**RECORDS PROVIDED**
———
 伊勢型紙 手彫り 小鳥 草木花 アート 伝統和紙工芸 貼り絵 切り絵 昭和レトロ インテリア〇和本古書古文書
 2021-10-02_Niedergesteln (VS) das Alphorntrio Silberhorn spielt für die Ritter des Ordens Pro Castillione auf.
———
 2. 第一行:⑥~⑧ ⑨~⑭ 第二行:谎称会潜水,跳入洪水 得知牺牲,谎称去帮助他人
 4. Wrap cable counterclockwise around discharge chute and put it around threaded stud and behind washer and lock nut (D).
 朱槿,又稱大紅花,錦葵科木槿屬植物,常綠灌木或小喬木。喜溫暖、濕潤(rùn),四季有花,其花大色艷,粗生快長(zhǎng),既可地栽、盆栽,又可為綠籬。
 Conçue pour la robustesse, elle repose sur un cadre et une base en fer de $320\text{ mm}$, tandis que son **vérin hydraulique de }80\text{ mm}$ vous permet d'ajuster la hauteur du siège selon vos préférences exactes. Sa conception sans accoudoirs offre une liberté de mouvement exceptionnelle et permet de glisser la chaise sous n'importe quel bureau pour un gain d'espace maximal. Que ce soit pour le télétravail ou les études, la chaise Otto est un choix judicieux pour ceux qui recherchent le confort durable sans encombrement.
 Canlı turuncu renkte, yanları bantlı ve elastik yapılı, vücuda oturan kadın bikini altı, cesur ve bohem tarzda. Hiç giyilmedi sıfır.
———
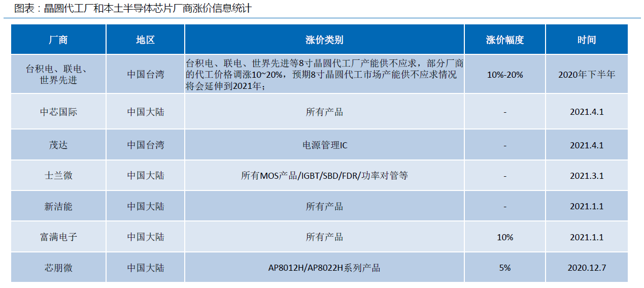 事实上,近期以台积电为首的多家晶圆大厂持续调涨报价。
———
**AIM OF THE EXERCISE**
Only the lines above from the one with "伊勢型紙 手彫り 小鳥" through the one with "2021-10-02_Niedergesteln (VS) das" should be duplicated, character for character.

**OUTPUT**
 伊勢型紙 手彫り 小鳥 草木花 アート 伝統和紙工芸 貼り絵 切り絵 昭和レトロ インテリア〇和本古書古文書
 2021-10-02_Niedergesteln (VS) das Alphorntrio Silberhorn spielt für die Ritter des Ordens Pro Castillione auf.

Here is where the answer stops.